When do I use Param rather than Const in Gekko?

Question

I'm trying to fit a cubic spline to the data points below, I'm a bit confused when I would use a Param like the example m.x = m.Param(value=np.linspace(-1, 6)) or when I would use a constant Const.

import numpy as np
from gekko import GEKKO
xm = np.array([0, 1, 2, 3, 4, 5])
ym = np.array([0.1, 0.2, 0.3, 0.5, 1.0, 0.9])

m = GEKKO()
m.x = m.Param(value=np.linspace(-1, 6))
m.y = m.Var()
m.options.IMODE = 2
m.cspline(m.x, m.y, xm, ym)
m.solve(disp=False)

p = GEKKO()
p.x = p.Var(value=1, lb=0, ub=5)
p.y = p.Var()
p.cspline(p.x, p.y, xm, ym)
p.Obj(-p.y)
p.solve(disp=False)

Answer 1

A constant Const is a single scalar value that is not expected to change. A parameter Param has an initial value but it can be changed by the user with data.
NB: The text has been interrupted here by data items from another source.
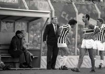 13-04-1986 GENOVA - CAMPIONATO DI CALCIO SERIE A SAMPDORIA JUVENTUS 0-0 NELLA FOTO EUGENIO BERSELLINI E MICHEL PLATINI AG ALDO LIVERANI SAS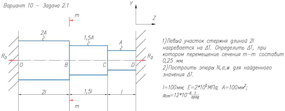 1)Левый участок стержня длиной 2l нагревается на ΔT. Определить ΔT, при котором перемещение сечения m-m составит 0,25 мм. 2)Построить эпюры N,σ,w для найденного значения ΔT. l=100мм; E=2*105/МПа; A=100мм2/; α/ст=12*10-6/1/град.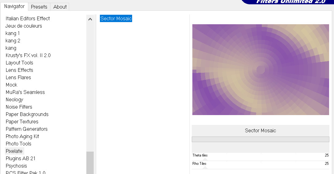 Effets / Unlimited 2.0 / Pixelate / Sector Mosaïc
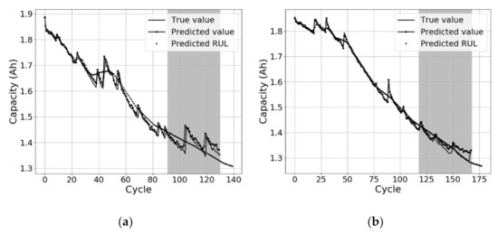 RUL prediction based using the DNN model for batteries (a) B0018 and (b) B0005.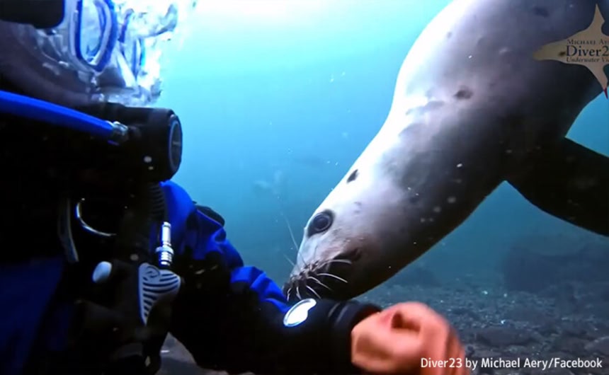 エーリーさんは、水中カメラマンとして5年間にわたり、700本以上の映像を撮影しているが、好奇心旺盛なアシカはダイバーの近くにやってきては、ダイバーが持っているものを何でもつかみ取ろうとするという。

A fixed value FV or manipulated variable MV are two special types of parameters that have extra options for becoming a solver decision variable. The difference between an FV and MV is that an FV has one value while an MV can have different values across the data (IMODE=2) or time (IMODE=4-9) dimension.

You have a nice example of fitting a cubic spline to data and then solving for the maximum across the range 0 < x < 5.

import numpy as np
from gekko import GEKKO
xm = np.array([0, 1, 2, 3, 4, 5])
ym = np.array([0.1, 0.2, 0.3, 0.5, 1.0, 0.9])

m = GEKKO()
m.x = m.Param(value=np.linspace(-1, 6))
m.y = m.Var()
m.options.IMODE = 2
m.cspline(m.x, m.y, xm, ym)
m.solve(disp=False)

p = GEKKO()
p.x = p.Var(value=1, lb=0, ub=5)
p.y = p.Var()
p.cspline(p.x, p.y, xm, ym)
p.Maximize(p.y)
p.solve(disp=False)

import matplotlib.pyplot as plt
plt.plot(xm,ym,'rs',label='Data')
plt.plot(m.x,m.y,'r.-',label='Cubic Spline')
plt.plot(p.x,p.y,'bo',label='Maximize')
plt.xlabel('x'), plt.ylabel('y')
plt.legend()
plt.show()

In your case, a Param (or MV with STATUS=0) is the appropriate gekko object. A Const gives an error: ValueError: Constant value must be scalar.